From The Editor | October 17, 2016

How Treatment Plants Can Access Solar Energy

Peter Chawaga - editor

By Peter Chawaga

When you talk about costs at a water treatment plant, you’re almost always talking about energy use.

According to the U.S. EPA, drinking and wastewater treatment plants account for 30 to 40 percent of the total energy consumed by a given municipality and as much as 40 percent of operating costs for drinking water systems can be for energy.

In California, where water issues of all types seem to be under a magnifying glass, innovative energy use is no different. Southern California’s Metropolitan Water District (MWD) has been a leader in utilizing the power of the sun to offset the exorbitant cost of cleaning drinking water. Most recently, it announced a $6.76 million investment to build a solar-power generating facility at its Joseph Jensen Water Treatment Plant in Granada Hills.

The project, which MWD expects to produce 2.3 million kWh of energy per year, will take up six acres of the plant’s 125-acre plot and eventually pay for itself.

“The expected payback on that system … we’re estimating that one to be between 10 and a half to 12 and a half years,” said Mike Rojas, head of MWD facility development section.

In the instance that excess energy is generated, it will go towards maintaining the district’s metering system.

“That’s a really good part, because it’s behind the meter and we have a net metering agreement with Southern California Edison,” said Rojas. “In times where we may generate more than we need, then that power will be credited to Metropolitan and it will result in a reduction of cost in other Edison meters that we have in the system, so it will be credited back to us.”

The Joseph Jensen addition is the latest in a long line of such solar efforts from the district. Its first large solar project was installed at the Robert A. Skinner Water Treatment Plant in Winchester, CA, in 2009. It recently finished a project at its F.E. Weymouth Treatment Plant in La Verne, CA and has another at the Diamond Valley Lake Visitor Center in Hemet, CA.

This most recent solar facility was financed through a MWD capital investment program that is funded from a combination of debt-financed revenue bonds and current revenues, according to Rojas.

“Now, the other aspect to this is there are rebate incentives out there for solar projects, and those help make the economics better for Metropolitan to make these investments in solar projects,” Rojas said.

MWD can receive a $1.4 million rebate via the Los Angeles Department of Water and Power’s Solar Incentive Program if the project begins operating within 2017, before the rebate expires.

“We anticipate [the facility] to be online close to the end of 2017,” Rojas said. “We will probably complete construction in the August to September timeframe, and then we’ll be doing testing, commissioning, and validation for several months. We expect to be up and running before the end of the year in 2017.”

Although MWD may be better poised to reap the benefits of solar installation than other water districts thanks to its size and the rebates it can collect, Rojas is optimistic that other utilities can implement similar programs that at least offset some of their energy costs.
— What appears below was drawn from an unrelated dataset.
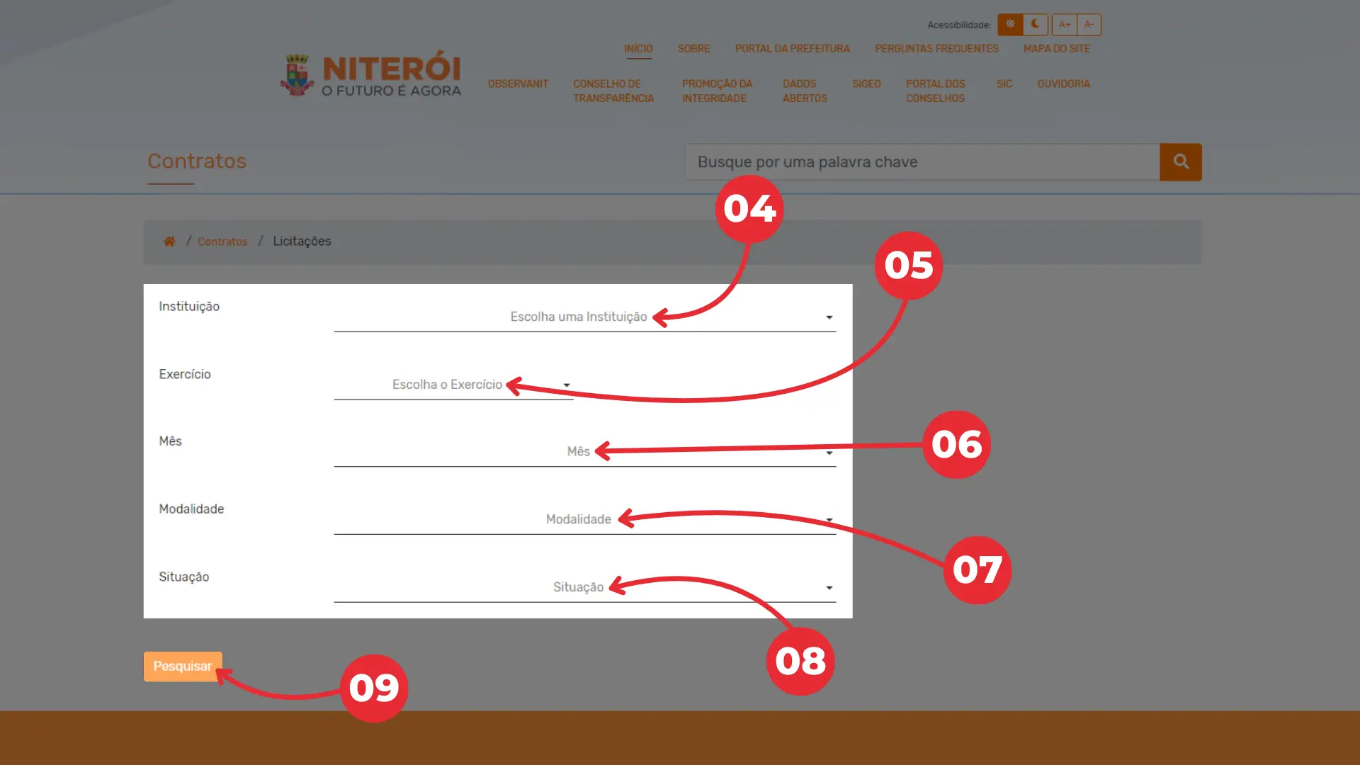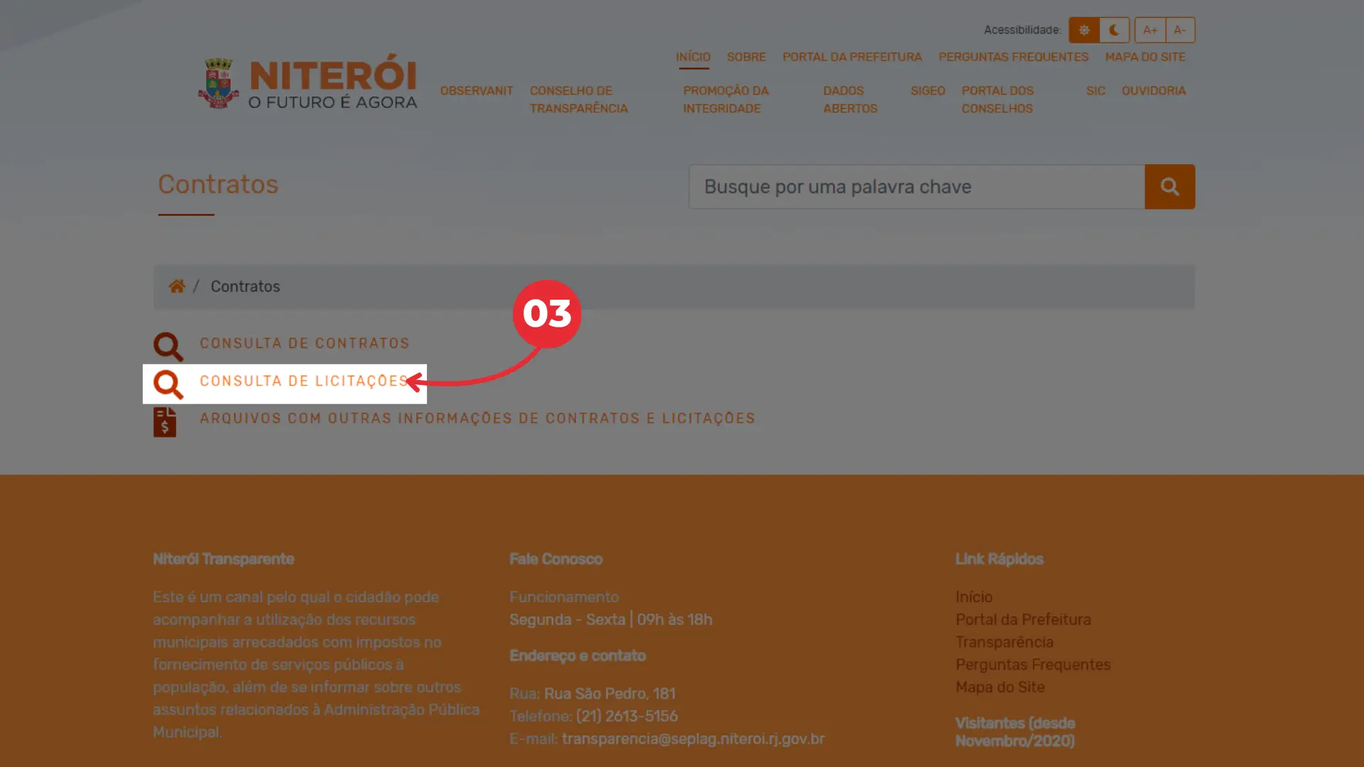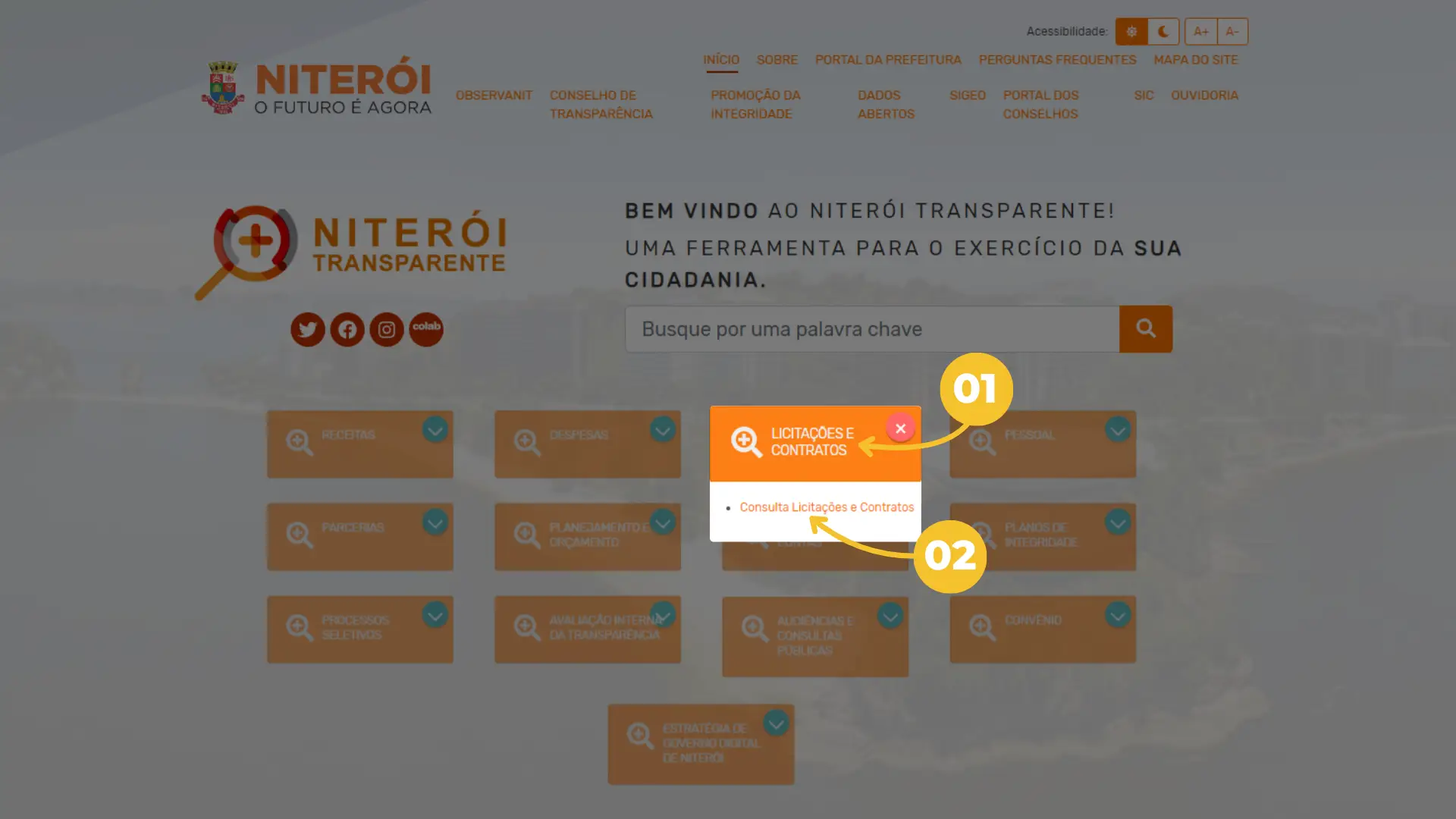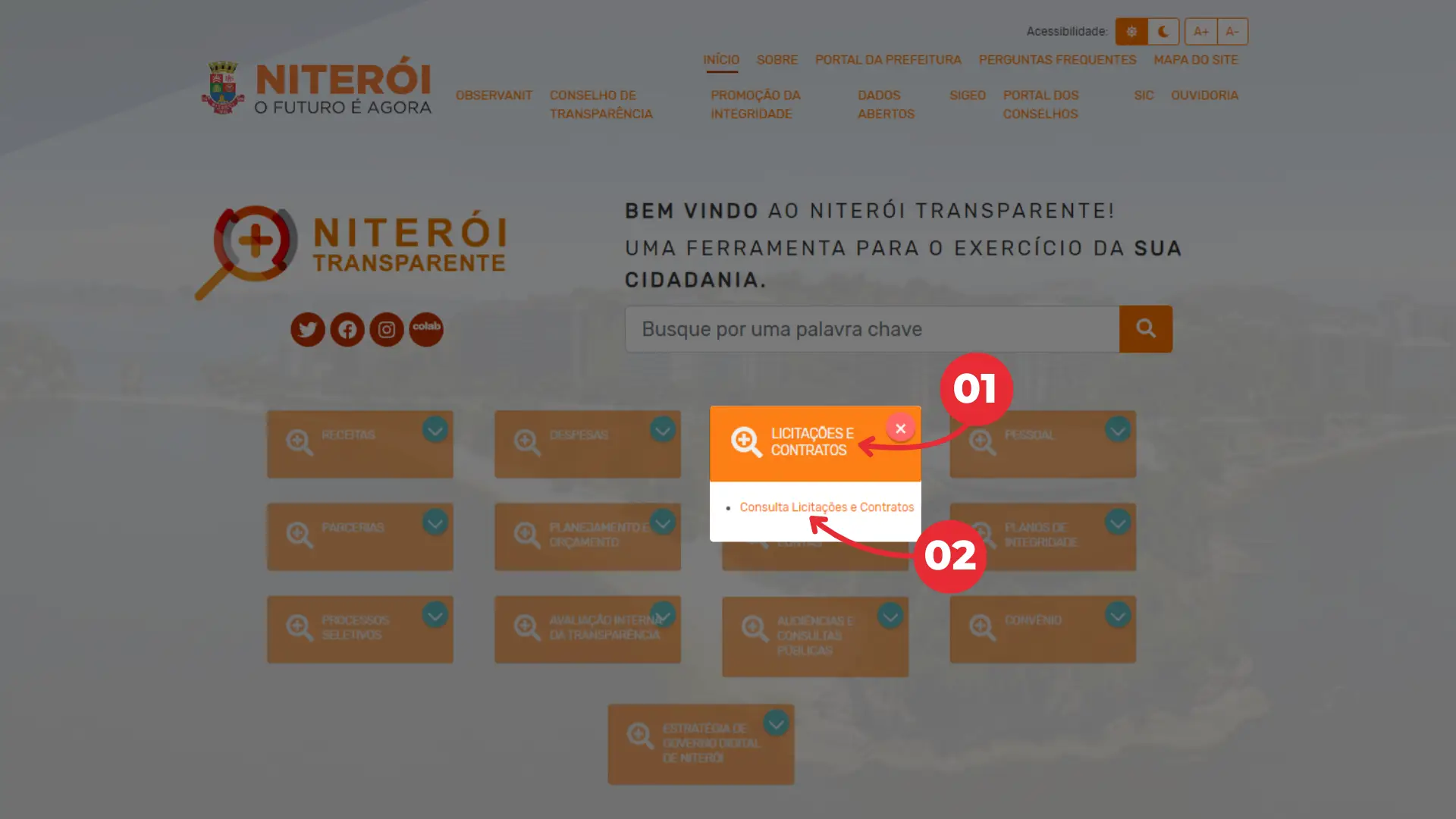 01 – Para realizar a consulta, clique na caixa “Licitações e Contratos”.

“What we’ve seen since 2009 when we completed the installation at Skinner is a big price drop in the cost to implement solar,” he said. “Panel production is becoming more of a standard process. Costs are dropping.”

As a first step, Rojas recommends researching the rebates that may be available in a given area and then making haste to capitalize on them.

“If [the utility is] small or doesn’t have its own engineering department, it would want to connect with a consultant who could help plant out a system, do the design, help get bids, and proceed quickly,” Rojas said. “If you wait, prices will still go lower, but the benefits, the rebates, they’re going to be gone.”